Mr. Rudyard Kipling has put it in one sentence in the old engineer's song—
"Now, a' together, hear them lift their lesson—theirs an' mine: Law, Orrder, Duty an' Restraint, Obedience, Discipline!" |
The thing that made McAndrew's engines strong and smooth-running is the thing that made the Roman Empire, and kept its vast machine running for centuries. When discipline died out of the Roman character, the Empire fell.
Just think of the stories in which the Romans delighted. They are not stories of cleverness, like so many of the Greek legends; nor have they, generally, the beauty of those older tales, though they have a stern beauty of their own. They are all stories either of courage, like that of Horatius, of Scaevola, who held his hand in the fire to show how vain it was to dream of tempting him to treachery, or of Cloelia, the maiden hostage who swam the Tiber; or else of devotion to the Fatherland, like that of Marcus Curtius, who leaped into the chasm in the Forum; or of stern obedience to the strict letter of the law, like that of Manlius, who sentenced his own son to death because he fought and slew an enemy against the army order which forbade such combats; or of self-restraint, as when the Senate went out to meet their beaten Consul Varro, after the ghastly slaughter of Cannae, and, instead of reproaching him for his failure, publicly thanked him for that he had not despaired of the Republic.
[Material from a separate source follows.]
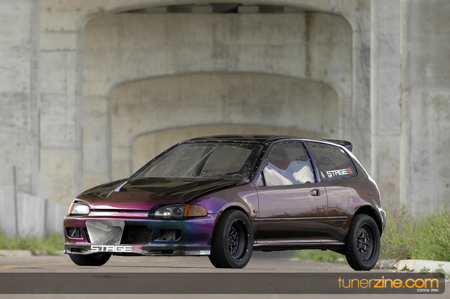Suspension wise, the car aggressively deals with traction issues thanks to a set of Skunk2 Drag sleeveovers with KYB AGX struts. 23-inch slicks on 14-inch Welds are bolted on each corner sporting a similar paint scheme as its brethren Civic. Styling is consistent with the turbo EG with a Spoon Sports-style carbon fiber spoiler, custom blue/green Chameleon paint and all the windows replaced with lexan. The interior is simple with a set of gauges and a Sparco seat.

Not even Hannibal could finally beat a nation which met its defeats in such a spirit; and you must remember that for long centuries that was the spirit of all Rome. It was expected, it was the natural thing, that a Roman should obey; that he should do his work, whatever it might be, with the highest degree of thoroughness and faithfulness; that he should, anywhere and at any time, be ready to die rather than yield a foot of ground that his city had set him to hold. And so Rome's armies, often beaten at the beginning of a war, always triumphed in the end; so the roads that she toilsomely drove across Europe still survive, and her bridges still stand above the streams that she bridled by them, defiant of storm and flood; so nothing short of modern high explosives will uproot the foundations of her ancient buildings. So, above all, she gave to all Europe the law by which she had bound and disciplined herself, and gave it with such thoroughness that the law codes of the nations to-day are mainly founded on the ancient laws of Rome.
To put it all in one sentence, Rome rose to command the world because she had first learned to obey. The great secret she has taught mankind is that all things are possible to a nation that has learned to order its strength in the interests of all, rather than in those of the individual. Indeed, it is a great and a worthy lesson, and cruel, hard, unsympathetic though the Roman often was, we owe him an endless debt of gratitude for this, that he not only tamed the rude ancient world and broke its barbarism, but laid, by his doctrine of discipline and his victorious devotion to it, the foundation of the modern State.